# TASK TO COMPLETE
Each line from the top of the listing down to and including the line with "Lost wax cast" must be duplicated exactly; pictures are to be skipped.

# INFORMATION SUPPLIED

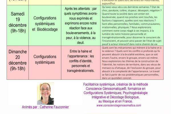 Del 18 al 20 diciembre en París, los cambios pueden comenzar un proceso de conciencia personal. Bienvenido a talleres temáticos.
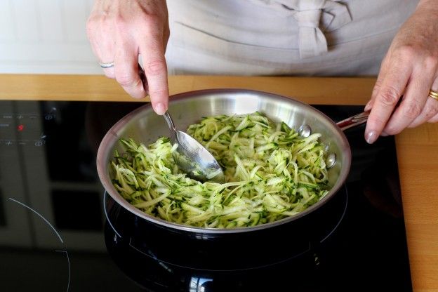 Rehoga el calabacín rallado con una cucharada de aceite de oliva durante 2 minutos.
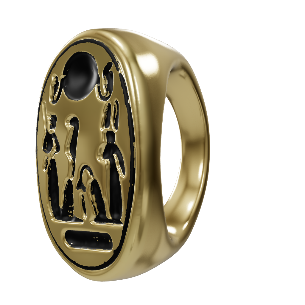 Lost wax cast gold reproduction of a ring depicting King Akhenaten and Queen Nefertiti as Shu and Tefnut. The inspiration for this ring is an Ancient Egyptian artifact which was forged around 1350 BC and is housed at the Met.
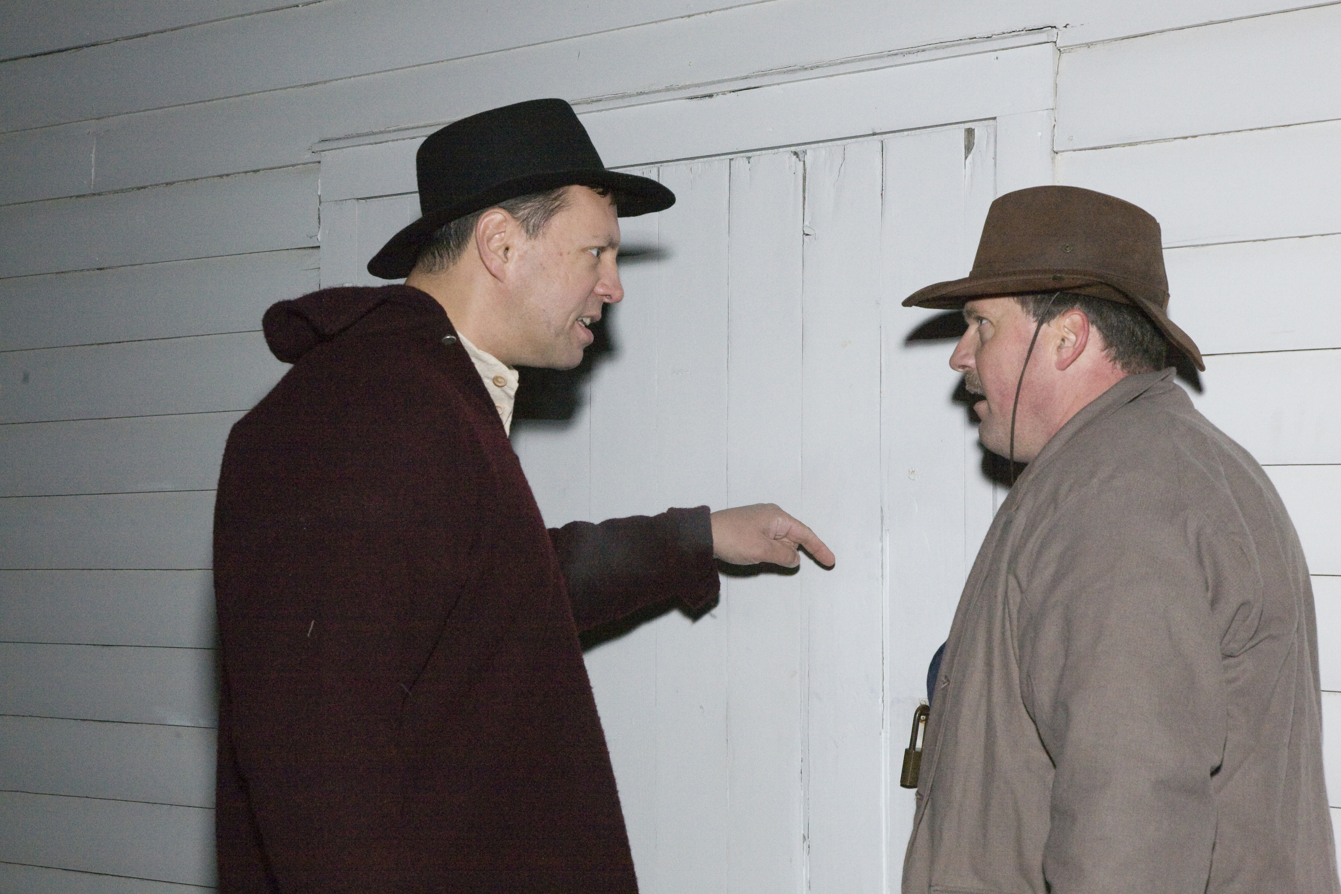 Volunteers practice their roles in a scene with slave catchers and free black women. || Cuyahoga Valley National Park interprets Ohio's Underground Railroad heritage because the centerpiece or our park, the Ohio & Erie Canal, was a likely route traveled by runaway slaves. Experience the Underground Railroad, offered each November, places visitors in the role of an escaping slave. The program is part of the National Underground Railway Network to Freedom which recongnizes historic sites, facilities, and programs that have a verifiable association to the Underground Railroad. The photos show volunteers at the dress rehearsal.

# WRITTEN ANSWER
 Del 18 al 20 diciembre en París, los cambios pueden comenzar un proceso de conciencia personal. Bienvenido a talleres temáticos.
 Rehoga el calabacín rallado con una cucharada de aceite de oliva durante 2 minutos.
 Lost wax cast gold reproduction of a ring depicting King Akhenaten and Queen Nefertiti as Shu and Tefnut. The inspiration for this ring is an Ancient Egyptian artifact which was forged around 1350 BC and is housed at the Met.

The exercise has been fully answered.